La chaise tue beaucoup

pereiradasilvacognitionLa bipédie est une caractéristique physique des homo sapiens et de quelques autres espèces. La nôtre est permanente, comme l’autruche, explique le développeur qui sait aussi se faire anthropologue. Nos corps et nos capacités cognitives fonctionnent de la même manière que nos ancêtres. « Notre corps biologique est celui du temps de l’évolution, plus que celui du temps de mutation des techniques ou du temps des transformations des modes de vie. » Alors que nos capacités de traitement informatique n’ont cessé de progresser, nos capacités cognitives, elles n’évoluent pas. Et nos capacités physiques ? Benoit Pereira da Silva présente un amusant graphique où il rapproche l’évolution dans le temps de ses capacités cognitives (stables), des capacités de traitement des ordinateurs qu’il utilise et de son poids. Sur le graphique, sa prise de poids jusqu’en 2013, date où il s’est mis à travailler en marchant, est on ne peut plus régulière.

« Notre bipédie n’est plus permanente. Nous passons beaucoup de temps assis ou allongé alors que notre corps est un corps de marcheur, adapté au mode de vie actif des chasseurs cueilleurs », explique-t-il en arpentant la scène de droite à gauche sans jamais s’arrêter, comme si le fait de marcher était le meilleur moyen pour nous en convaincre.
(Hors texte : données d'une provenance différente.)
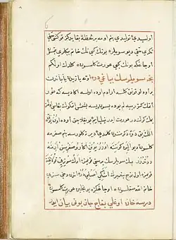 The language of the Gonbad manuscript is of a mixed character and depicts vivid characteristics of the period of transition from later Old Oghuz Turkic to the Early Modern Turkic of Iranian Azerbaijan. However, there are also orthographical, lexical and grammatical structures peculiar to Chaghatai, which shows that the original work was written in the area between the Syr Darya and Anatolia, later rewritten in Safavid Iran in the second half of the 16th century and again in Qajar Iran in the second half of the 18th century.[18] However, the manuscript also boasts a couple of Persian word groups, such as Dāvūd-ı nebī (Prophet Dawud), Şāh-ı merdān ("shah of the valiant", Ali), taḫt-ı Mıṣır (the throne of Egypt) and others.[19]
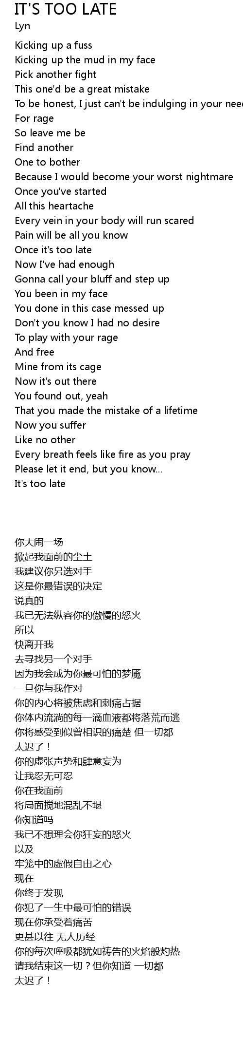 It's too late |
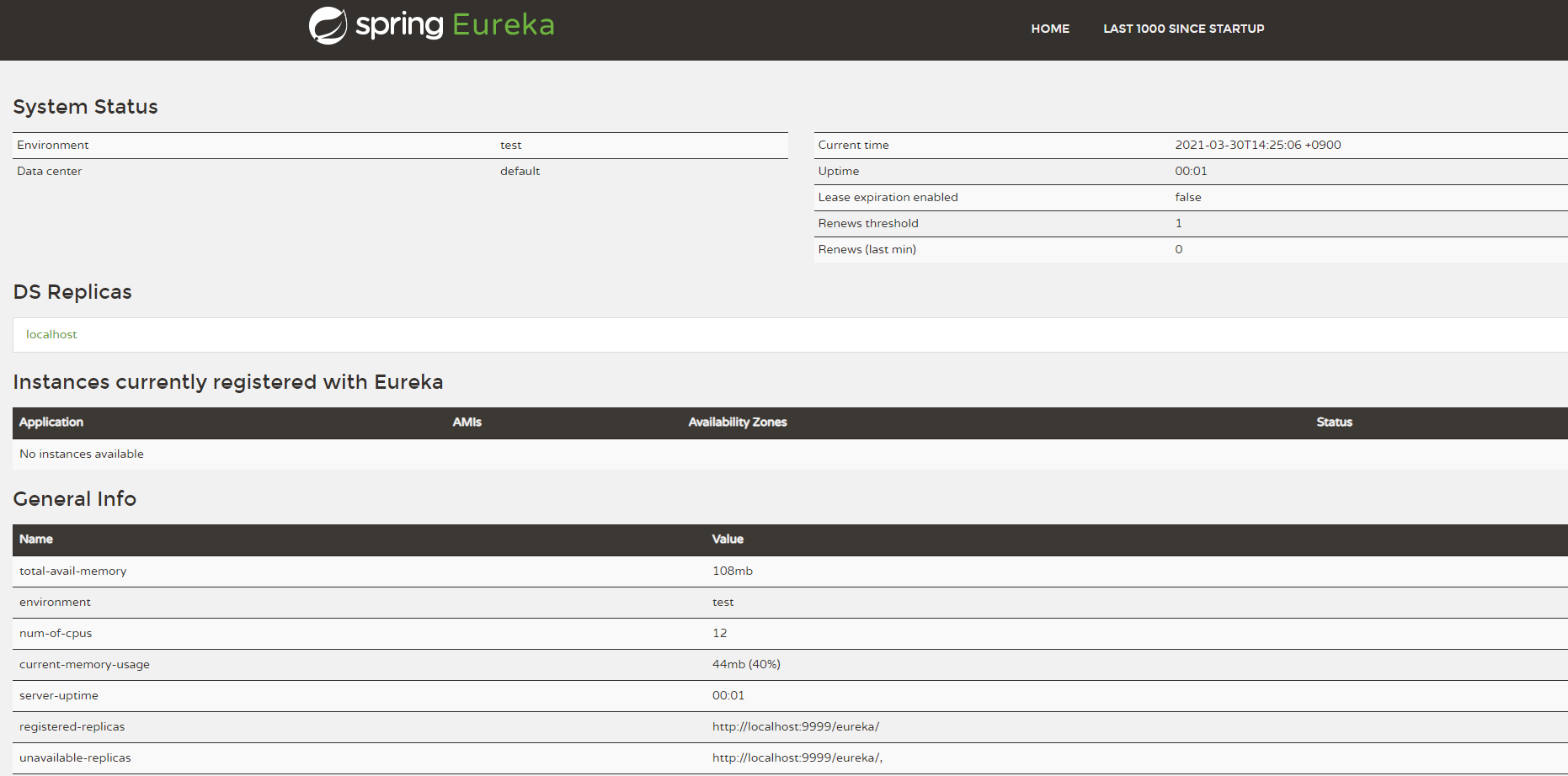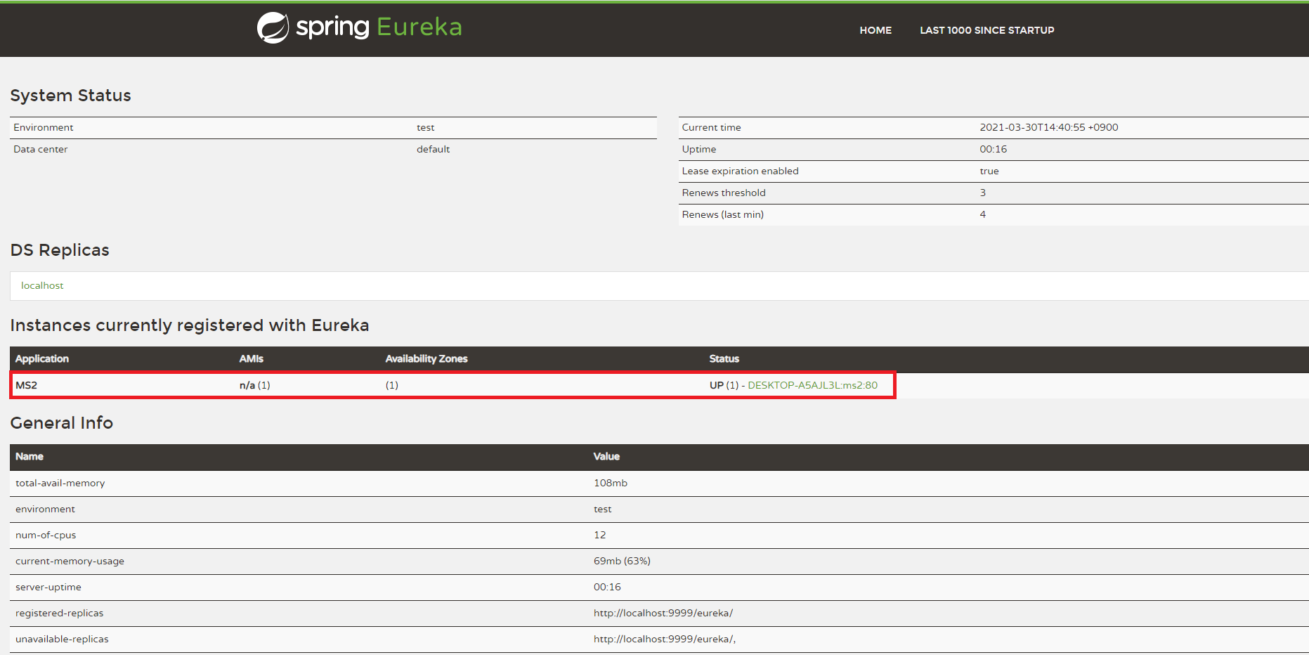 MS2라는 이름으로 애플리케이션이 등록되고.. 이런저런 내용들이 있다. 아까 띄워둔 Eureka서버에 들어가 보자
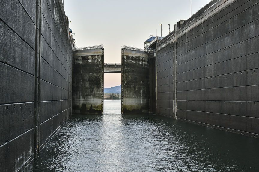Unseasonably warm and dry weather continued to grace us as we proceeded with our expedition down the Columbia River. The morning was crisp as we disembarked in Hood River, Oregon, but quickly warmed up as we boarded our coaches. Our explorations began at Multnomah Falls, the number one tourist attraction in the state of Oregon. After we experienced this astounding cascade, some of our guests proceeded to Beacon Rock for a scenic climb up this 800-foot tall, aged lava plug. Others went to the Bonneville Fish Hatchery where we visited a local icon, Herman the sturgeon. Then both groups of explorers met at the Columbia Gorge Interpretative Center for Syncline wines and an overflowing helping of intriguing local history. As the superb weather continued, we voyaged back to National Geographic Sea Bird for a lovely afternoon of classic cruising down the Columbia River. Guests enjoyed the sun on deck or an engaging presentation on how climate change is affecting migratory birds. Complimentary water-level views of Multnomah Falls followed, and our last transit through a lock of this trip – a lovely passage through the Bonneville Lock and Dam. Photos by Doug Crispin and Alex Rubenstein
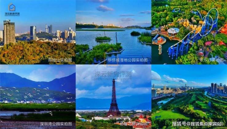 约3.4平方公里中央公园(规划中,包含大沙河公园、名商高尔夫、大沙河高尔夫)、约24万㎡燕晗山郊野公园、约 68.5万㎡华侨城国家湿地公园、约15公里深圳湾滨海长廊与华侨城三大主题公园(欢乐谷、世界之窗、锦绣中华民俗文化村)共同组成深圳超级公园带,每一次呼吸与远眺,都有来自国家级生态保护区的气息。
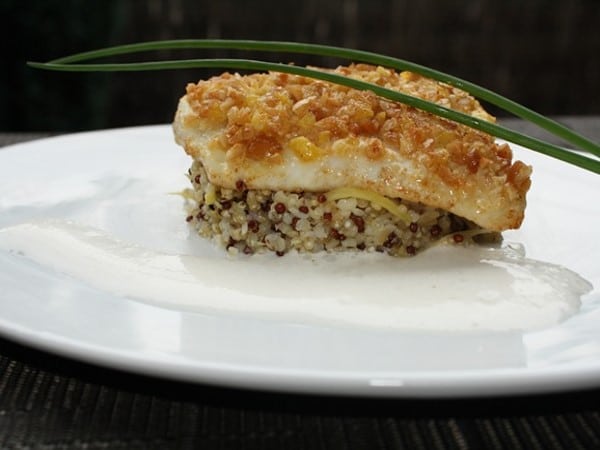 Dos de barbue dorées aux cacahuètes, quinoa au sésame
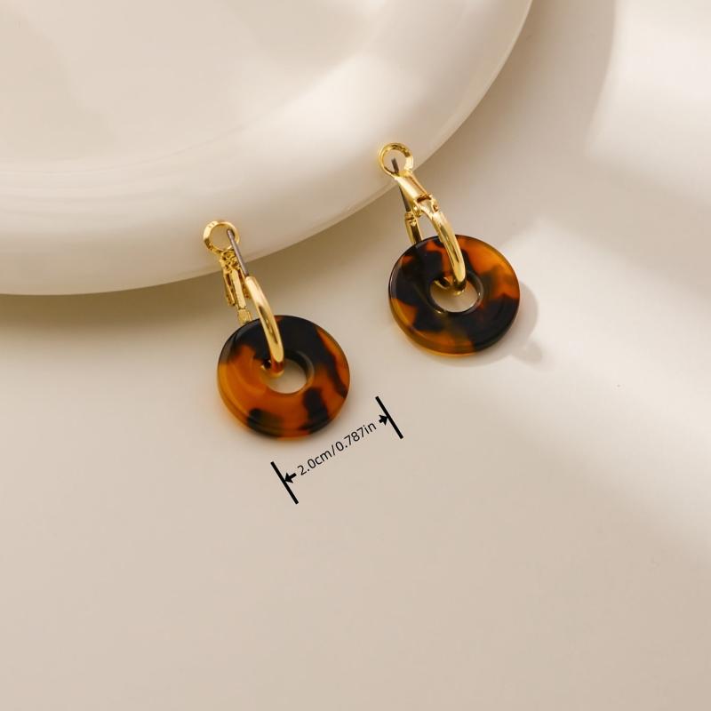 Add a touch of bohemian flair to your casual or party outfits with these lightweight round hoop earrings featuring a stylish leopard print design in golden tone metal.
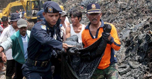 Der Vorfall ereignete sich in Bekasi östlich der Hauptstadt Jakarta. Auf dem großen Müllberg suchen jeden Tag hunderte Menschen nach Kunststoff oder anderen brauchbaren Materialien, um sie an Fabriken zu verkaufen.

Pour lui, ce décalage, ce hiatus est le signe d’un problème de fond, de rythme entre nos modes de travail et de vie. « Les travailleurs du numérique sont tous assis devant des bureaux. Nos corps s’engraissent. Notre système lymphatique déraille. Les cancers et les maladies cardio-vasculaires augmentent. La chaise tue beaucoup. »

Benoit Pereira da Silva à son tapis de marche dans son bureauUn arrêté de la Cour européenne d’avril 2013 est pourtant venu rappeler que tout travailleur pouvait avoir accès à une table ajustable en hauteur pour travailler debout. Pourtant, la plupart des employés de bureau travaillent assis, au moins huit heures par jour. Pour le développeur activiste de la santé, il faut accorder la transformation radicale de nos modes de vie à notre réalité biologique. C’est un impératif de santé publique. En 2009, il a entendu parler des bureaux debout et a lu des témoignages d’informaticiens qui étaient passés au bureau debout voir au bureau marchant, en y ajoutant un tapis roulant. Il a lu l’essai de Frédéric Gros, Marcher, une philosophie. Et a lu les propos du docteur James Levine, qui vient de publier Get Up, qui raconte l’origine de sa lutte contre la posture assise. Inspiré par cette expérience, mal à l’aise avec sa prise de poids, Benoit décide de commencer à travailler debout, puis acquiert un tapis de marche pour ne plus travailler qu’en marchant.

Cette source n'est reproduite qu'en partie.